**DATASET EXCERPTS:**
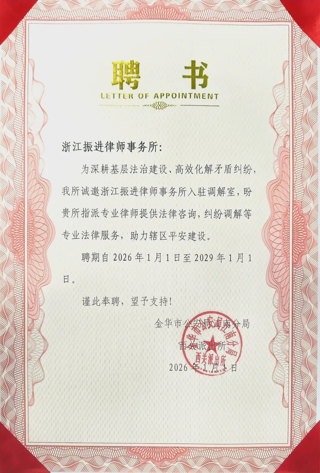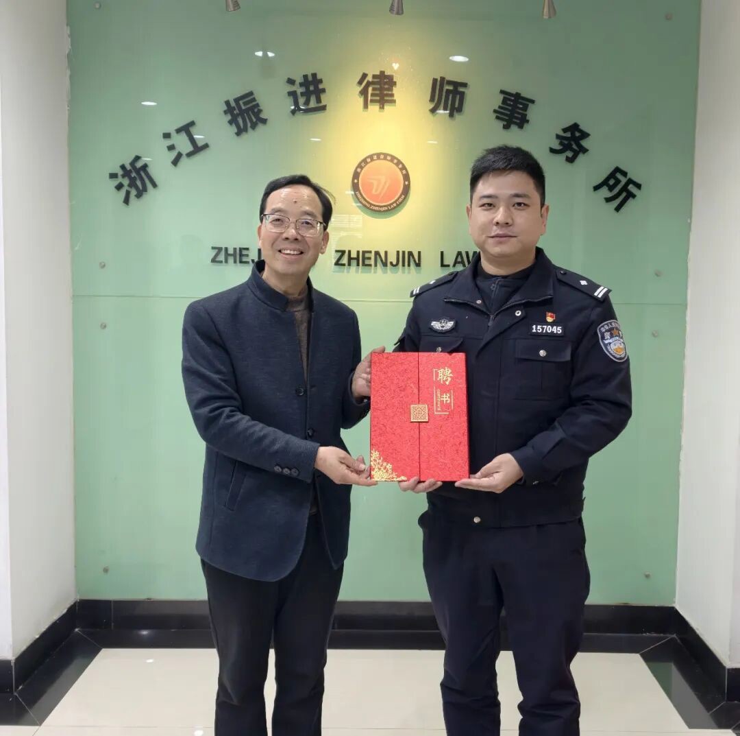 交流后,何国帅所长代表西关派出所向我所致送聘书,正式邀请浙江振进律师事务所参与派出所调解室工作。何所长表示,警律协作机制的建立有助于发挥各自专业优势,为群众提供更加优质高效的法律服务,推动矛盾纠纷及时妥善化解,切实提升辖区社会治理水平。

* * *

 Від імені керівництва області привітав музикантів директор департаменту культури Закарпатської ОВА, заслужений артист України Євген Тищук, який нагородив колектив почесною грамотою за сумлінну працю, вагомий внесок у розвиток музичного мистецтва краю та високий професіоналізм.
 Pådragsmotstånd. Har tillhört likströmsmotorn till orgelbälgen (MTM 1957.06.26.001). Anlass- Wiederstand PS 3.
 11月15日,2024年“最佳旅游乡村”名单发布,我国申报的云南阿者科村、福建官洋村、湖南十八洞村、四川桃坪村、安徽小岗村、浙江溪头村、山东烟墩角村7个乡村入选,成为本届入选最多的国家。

--

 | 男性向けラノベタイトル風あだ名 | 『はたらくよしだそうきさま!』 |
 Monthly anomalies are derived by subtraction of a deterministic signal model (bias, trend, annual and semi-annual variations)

**WORK TO COMPLETE:**
In the listing above, find the line with "男性向けラノベタイトル風あだ名 | 『はたらくよしだそうきさま!』 |" and the line with "Monthly anomalies are", then reproduce both and every line between them exactly.

**THE COMPLETED TASK:**
 | 男性向けラノベタイトル風あだ名 | 『はたらくよしだそうきさま!』 |
 Monthly anomalies are derived by subtraction of a deterministic signal model (bias, trend, annual and semi-annual variations)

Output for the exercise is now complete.